Нужда в мистическом высказывании удовлетворяется, когда мы получаем наглядное представление, которое достаточно объясняет смысл человеческого существования в мировом целом,— представление, вытекающее из целостности души, а именно из согласного действия сознания и бессознательного. Бессмысленность противна полноте жизни и потому означает болезнь. Смысл многое, если не все, делает приемлемым. Никакая наука никогда не сможет заменить миф, и ни из какой науки невозможно сотворить миф. Ибо «Бог» — еще не миф; миф есть проявление божественной жизни в человеке. Не мы измыслили этот миф, а он обращается к нам как некое «слово Божье». Это «слово Божье» идет к нам, и мы не располагаем возможностью различить, чем отличается оно от Бога и отличается ли вообще. Ничего в этом «слове» нет такого, что не было бы известно и доступно человеку, кроме того обстоятельства, что оно действует вопреки нам и подчиняет нас. Оно упраздняет наш произвол. Это своеобразное «внушение» объяснить невозможно. Мы знаем, что «озарение» не есть результат нашего мудрствования, но что такая мысль как-то нисходит на нас «невесть откуда». И даже если речь здесь должна идти о прекогнитивных сновидениях, мы не вправе приписывать их собственному рассудку. Ведь уже давно и твердо установлено, что такое сновидение представляет собой знание опережающее, или дальнознание.

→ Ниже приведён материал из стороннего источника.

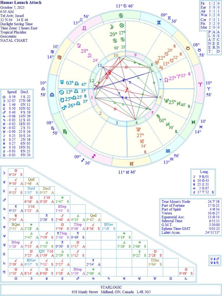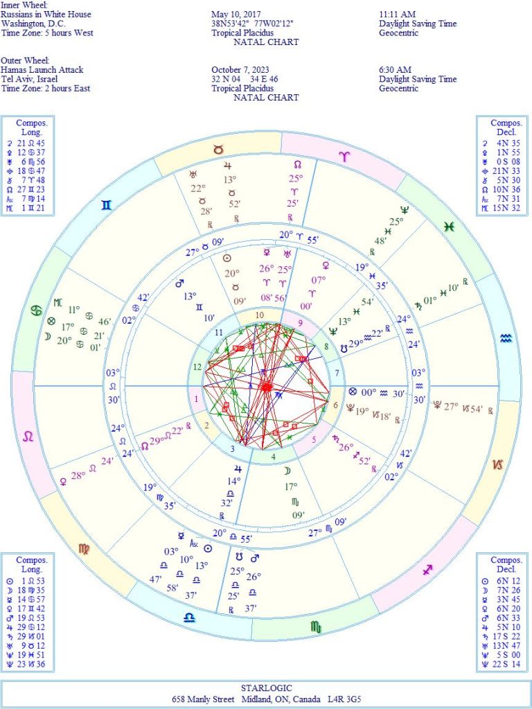 Russian’s Uranus is conjunct Hamas’ North Node; Russian’s Sun is conjunct Hamas’ Uranus; Russian’s Jupiter is conjunct Hamas’ Sun; Russian’s Moon is opposite Hamas’ Jupiter; Russian’s North Node is conjunct Hamas’ Venus; Russian’s South Node is conjunct Hamas’ Saturn; Russian’s Mercury/Uranus conjunction is opposite Hamas’ Mars/South Node conjunction; and finally, Russian’s Part of Fortune is conjunct Hamas’ Pluto. Is that enough proof for you?

Слово свершается с нами; мы как-то претерпеваем его, ибо предаемся глубоким сомнениям: если Бога понимать как complexio oppositorum, то «возможно все» в самом полном смысле слова, а именно истина и заблуждение, добро и зло. Миф становится — либо может стать — двусмысленным, подобно дельфийскому оракулу или сновидению. Мы можем и должны отказаться от рассудочной деятельности либо оставить надежду, что инстинкт поспешит на помощь нам; тогда один бог станет помогать нам против другого, как то понимал уже Иов. Решительно все, в чем проявляется «иная воля», есть материал, слепленный из человека, его слов, его мыслей, его образов и всей его ограниченности. И все это он затем переносит на себя самого, когда принимается неуклюже философствовать, полагая, будто все проистекает из его намерений и из «него самого». С детской невинностью он предполагает при этом, будто ему известно о себе все, и он знает, что такое «он сам». Тем не менее он не чувствует, что как раз в этом слабость его сознания и происходящий отсюда страх перед бессознательным, который мешает ему различить, что он измыслил преднамеренно, а что спонтанно явилось ему из какого-то иного источника. Он не проявляет объективности в отношении самого себя и еще не может рассматривать себя как обнаруженный им феномен, с которым «for better or worse» он идентичен. Все поначалу мешает ему, морочит и сбивает его с толку, и лишь с трудом ему удается, наконец, отстоять для себя относительную свободу в какой-то сфере и утвердиться в ней.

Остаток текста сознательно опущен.